- TO DO
Images don't belong in the copy. Output the rest of the data exactly.

- Stored data
========================

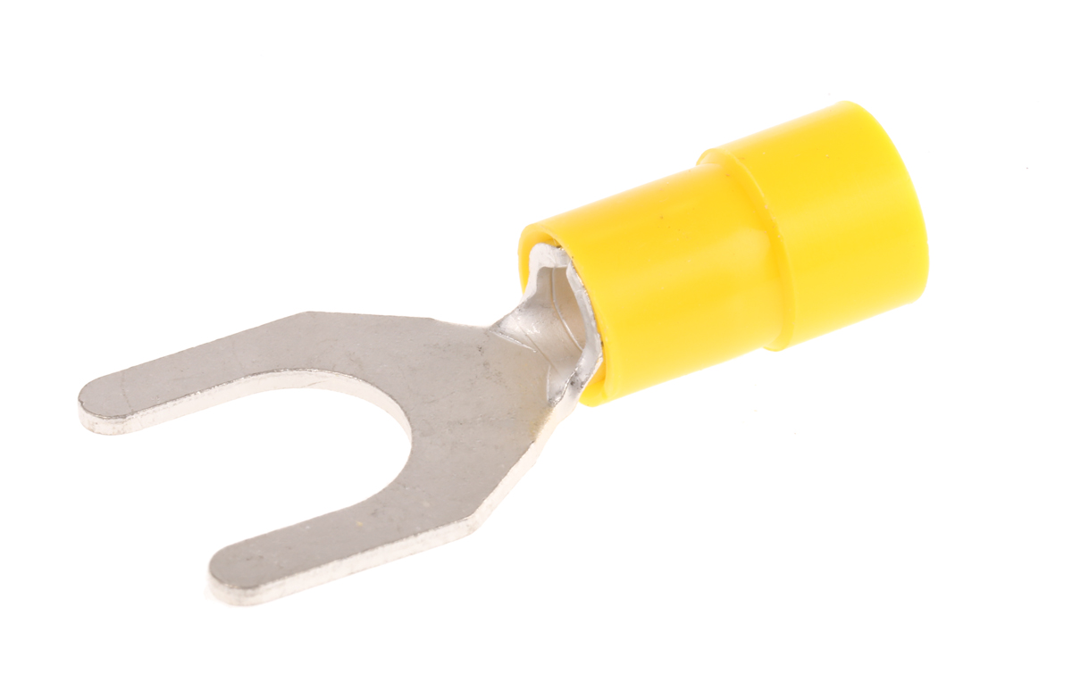 This is Insulated Crimp Spade Connector 4mm² to 6mm² 12AWG to 10AWG M8 Stud Size Vinyl Yellow manufactured by RS Pro. The manufacturer part number is 613-9867. The wire has a maximum size of 6mm². It has a decent yellow colour. While the minimum wire size AWG includes 12awg. It is 1mm thick. It has a standard m8 size stud . Furthermore, the product is 14mm wide. It has a robust vinyl insulation material. The high-quality tin is used as contact plating material. It has an overall length of 30.5mm. Insulation Option: insulated. Its maximum wires size includes 10awg. On the other hand, the wire has 4mm² of minimum size. The product is made from sturdy copper materials.
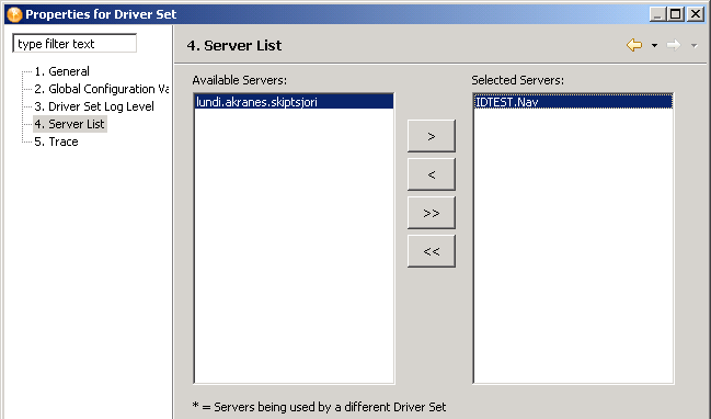 IMPORTANT:If a server in the Available Server list has an asterisk, that server is already associated with another driver set. If you choose to use that server, Designer removes the existing association for the server from the driver set. Each server can be associated with only one driver set at a time.
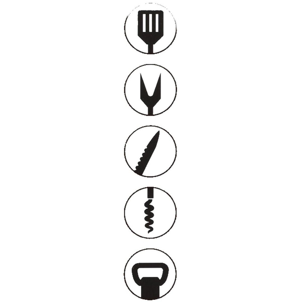 - W zestawie: szpatułka, widelec, nóż, otwieracz do butelek, korkociąg
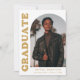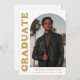 Stylish and trendy graduation party invitation featuring the graduate's photo on the front with an offset arch photo frame. "Graduate" is displayed in bold gold retro lettering on a white background. Personalize the front of the arch photo graduation party invitation by adding the graduate's name, school, and graduation year. The invite reverses to display your graduation party details. The white and gold graduation party invitation is perfect for both high school and college graduates.
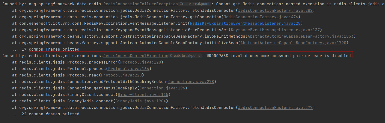 错误原因: redis配置错误,可能原因: 密码错误
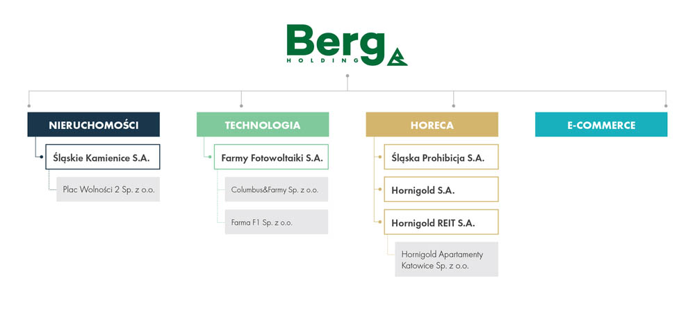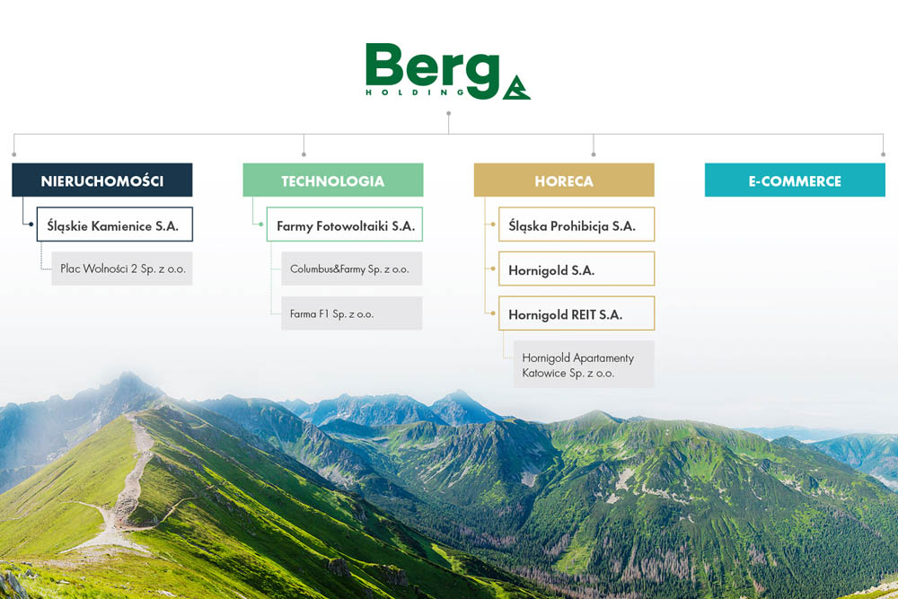 „Spółka Śląskie Kamienice już od 4 lat wychodzi poza obszar inwestycji w kamienice na Górnym Śląsku, tworząc od podstaw nowe koncepty, takie jak: Restauracja Śląska Prohibicja (ok. 730 mkw) i aparthotel Hornigold (ok. 4000 mkw). Prowadząc działalność za pośrednictwem tych i innych podmiotów zależnych, spółka płynnie przeistoczyła się w holding. Celem kontynuowania rozwoju w różnych obszarach i zwiększenia przejrzystości samej struktury, podjęto decyzje, aby zmienić się w Berg Holding S.A. i pod tą nazwą dalej rozwijać skrzydła. Nie oznacza to jednak, że Śląskie Kamienice znikną całkowicie z rynku. Będą one jednym z podmiotów zależnych od Berg Holding, zajmujące się stricte branżą nieruchomości. Poza dotychczasowymi obszarami, zdecydowaliśmy się rozszerzyć działalność na dwóch, nowych dla nas rynkach: fotowoltaice i e-commerce. Planujemy agresywnie wejść w zyskowną i szybko rozwijająca się branżę fotowoltaiczną, a konkretniej w gałąź farm fotowoltaicznych, budowanych od małych jednomegawatowych farm po wielkie trzydziesto/czterdziesto-megawatowe” – mówią prezesi zarządu, dr Ofka Piechniczek i Kamil Kita.

========================

- WRITTEN SOLUTION
 This is Insulated Crimp Spade Connector 4mm² to 6mm² 12AWG to 10AWG M8 Stud Size Vinyl Yellow manufactured by RS Pro. The manufacturer part number is 613-9867. The wire has a maximum size of 6mm². It has a decent yellow colour. While the minimum wire size AWG includes 12awg. It is 1mm thick. It has a standard m8 size stud . Furthermore, the product is 14mm wide. It has a robust vinyl insulation material. The high-quality tin is used as contact plating material. It has an overall length of 30.5mm. Insulation Option: insulated. Its maximum wires size includes 10awg. On the other hand, the wire has 4mm² of minimum size. The product is made from sturdy copper materials.
 IMPORTANT:If a server in the Available Server list has an asterisk, that server is already associated with another driver set. If you choose to use that server, Designer removes the existing association for the server from the driver set. Each server can be associated with only one driver set at a time.
 - W zestawie: szpatułka, widelec, nóż, otwieracz do butelek, korkociąg
 Stylish and trendy graduation party invitation featuring the graduate's photo on the front with an offset arch photo frame. "Graduate" is displayed in bold gold retro lettering on a white background. Personalize the front of the arch photo graduation party invitation by adding the graduate's name, school, and graduation year. The invite reverses to display your graduation party details. The white and gold graduation party invitation is perfect for both high school and college graduates.
 错误原因: redis配置错误,可能原因: 密码错误
 „Spółka Śląskie Kamienice już od 4 lat wychodzi poza obszar inwestycji w kamienice na Górnym Śląsku, tworząc od podstaw nowe koncepty, takie jak: Restauracja Śląska Prohibicja (ok. 730 mkw) i aparthotel Hornigold (ok. 4000 mkw). Prowadząc działalność za pośrednictwem tych i innych podmiotów zależnych, spółka płynnie przeistoczyła się w holding. Celem kontynuowania rozwoju w różnych obszarach i zwiększenia przejrzystości samej struktury, podjęto decyzje, aby zmienić się w Berg Holding S.A. i pod tą nazwą dalej rozwijać skrzydła. Nie oznacza to jednak, że Śląskie Kamienice znikną całkowicie z rynku. Będą one jednym z podmiotów zależnych od Berg Holding, zajmujące się stricte branżą nieruchomości. Poza dotychczasowymi obszarami, zdecydowaliśmy się rozszerzyć działalność na dwóch, nowych dla nas rynkach: fotowoltaice i e-commerce. Planujemy agresywnie wejść w zyskowną i szybko rozwijająca się branżę fotowoltaiczną, a konkretniej w gałąź farm fotowoltaicznych, budowanych od małych jednomegawatowych farm po wielkie trzydziesto/czterdziesto-megawatowe” – mówią prezesi zarządu, dr Ofka Piechniczek i Kamil Kita.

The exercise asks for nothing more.